AIM OF THE TASK:
This task calls for the lines below starting at the one containing "Spacious and light-filled, this" and ending at the one containing "種(14画)子(3画)田(5画) 麻(11画)依(8画)子(3画)", repeated exactly with both ends kept and pictures left out.

* * * * *

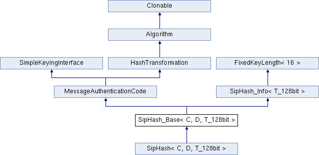 Inheritance diagram for SipHash_Base< C, D, T_128bit >:Public Member Functions | |
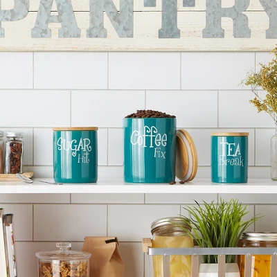 - SIMPLE, SOPHISTICATED, FUNCTIONAL: Set includes 3 canisters; Coffee Canister measures 4.5 x 4.5 x 5.5″ and holds 4.5 cups; Sugar Canister measures 4 x 4 x 4.5″ and holds 3 cups; Tea Canister measures: 3 x 3 x 4″ and holds 1.25 cups
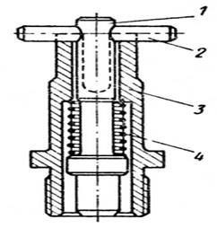 1 — фиксатор; 2 — штифт; 3 — корпус; 4 — пружина
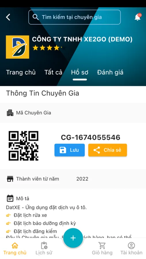 DatXE - Ứng dụng đặt dịch vụ ô tô xe máy. Khách hàng quét mã QR Code của chuyên gia, đặt dịch vụ bảo dưỡng và sửa chữa xe; đặt lịch đăng kiểm; lên đơn hàng và mua hàng hóa.
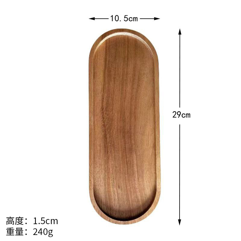 아카시아 나무 트레이 직사각형 식판 단열 원목 패턴 접시 타원형 빵판 찻잔 받침대 단열형
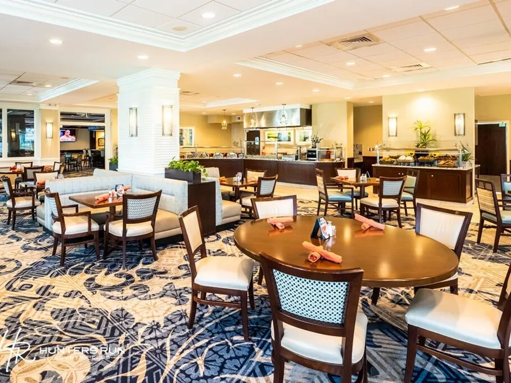 Spacious and light-filled, this single-family home features soaring ceilings, a brand-new roof, and an inviting open layout. Enjoy seamless indoor-outdoor living with a large front courtyard and rear patio. Entertain at the wet bar and host family or guests in the private-entry suite. The expansive primary bedroom offers a luxurious retreat with a large soaking tub and oversized walk-in closet. This is a pool lot! Hunters Run is a resort style country club offering top-tier tennis & pickleball courts, 7 unique dining venues, resort-style pools, a state-of-the-art fitness center, a full-service spa & salon, and social events. Membership is required. The community features social, tennis and full golf membership options.
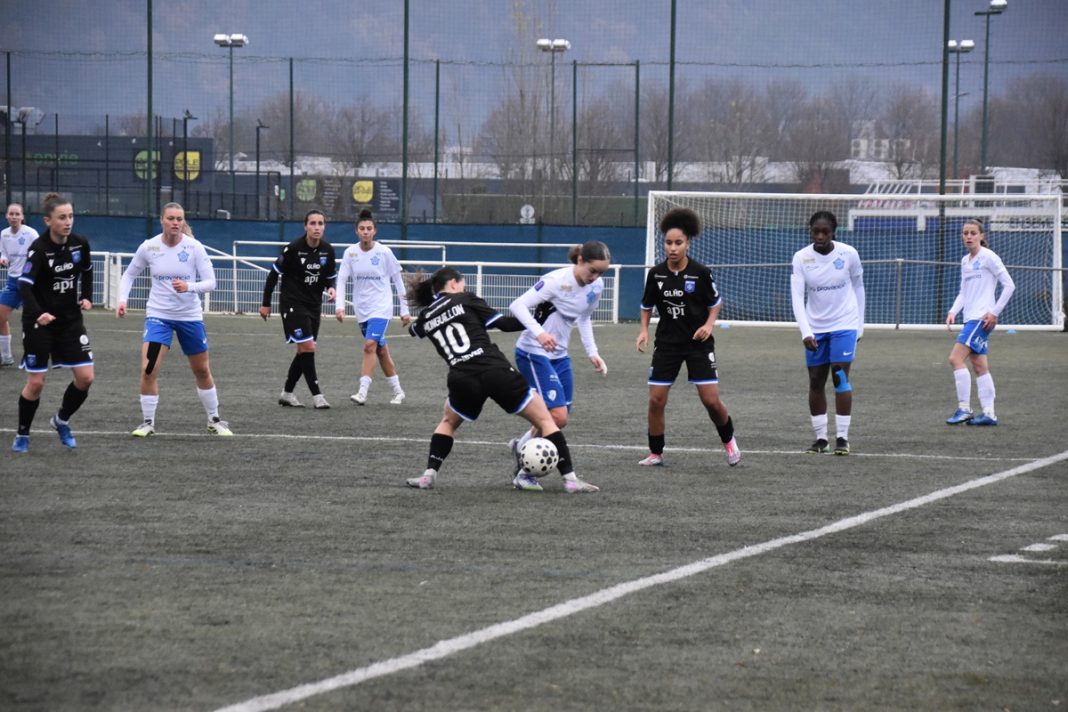 Le début de match montait très vite en intensité avec des Iséroises qui se rendaient maître du ballon. Sur une belle ouverture, Fabre, elle pour Sadiki pour l’ouverture du score (1-0, 7e) . La bonne domination des locales leur apportaient des occasions de doubler la mise. Mais la gardienne restait vigilante, à l’image de l’arrêt sur une frappe de Charbonnier (12e).
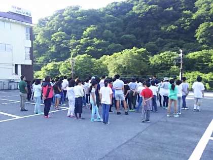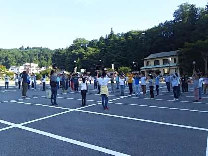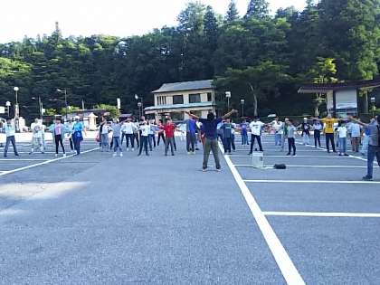 朝の集いを昨日と同じ日光市総合会館駐車場で行いました。
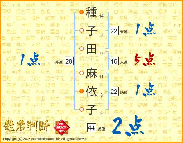 種(14画)子(3画)田(5画) 麻(11画)依(8画)子(3画)
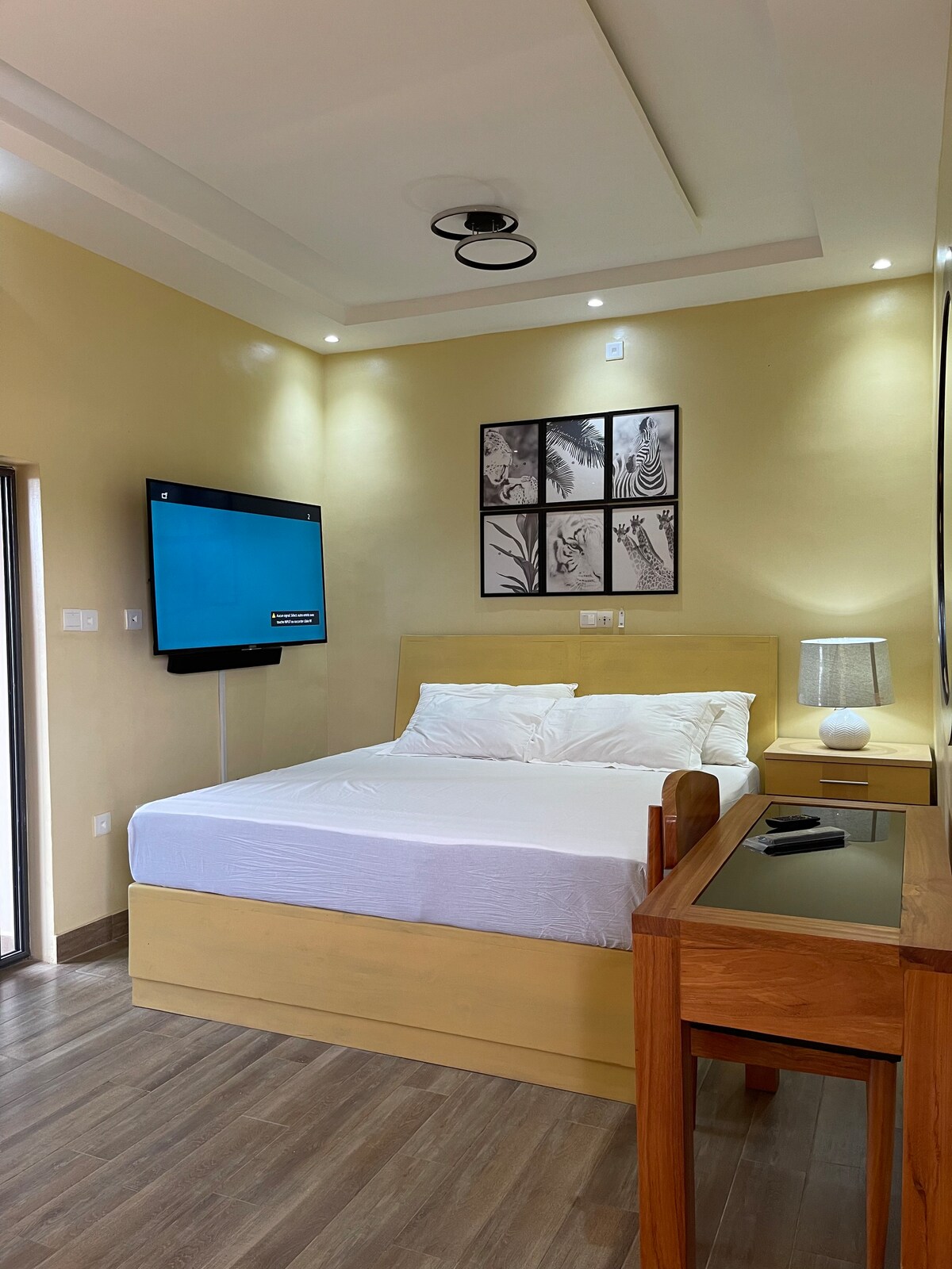 ⚠️ Veuillez noter que l’électricité est entièrement à la charge du voyageur durant son séjour. ⚡ Appartement d'une chambre au style moderne et occidental, alliant confort et élégance. Idéal pour une vie urbaine et une décoration contemporaine. A modern one-bedroom apartment featuring sleek design elements, open-concept living spaces. It includes a stylish kitchen, a cozy living area, and a comfortable bedroom, all adorned with neutral tones perfect for a chic urban lifestyle
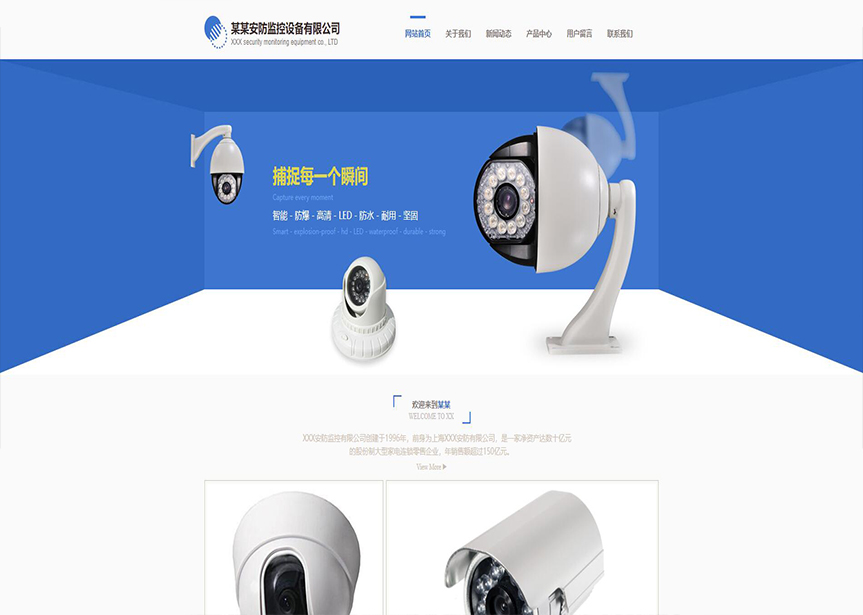 模板名称:(带手机版数据同步)自适应安防监控器材类蓝色网站模板

* * * * *

RESULT OF THE TASK:
 Spacious and light-filled, this single-family home features soaring ceilings, a brand-new roof, and an inviting open layout. Enjoy seamless indoor-outdoor living with a large front courtyard and rear patio. Entertain at the wet bar and host family or guests in the private-entry suite. The expansive primary bedroom offers a luxurious retreat with a large soaking tub and oversized walk-in closet. This is a pool lot! Hunters Run is a resort style country club offering top-tier tennis & pickleball courts, 7 unique dining venues, resort-style pools, a state-of-the-art fitness center, a full-service spa & salon, and social events. Membership is required. The community features social, tennis and full golf membership options.
 Le début de match montait très vite en intensité avec des Iséroises qui se rendaient maître du ballon. Sur une belle ouverture, Fabre, elle pour Sadiki pour l’ouverture du score (1-0, 7e) . La bonne domination des locales leur apportaient des occasions de doubler la mise. Mais la gardienne restait vigilante, à l’image de l’arrêt sur une frappe de Charbonnier (12e).
 朝の集いを昨日と同じ日光市総合会館駐車場で行いました。
 種(14画)子(3画)田(5画) 麻(11画)依(8画)子(3画)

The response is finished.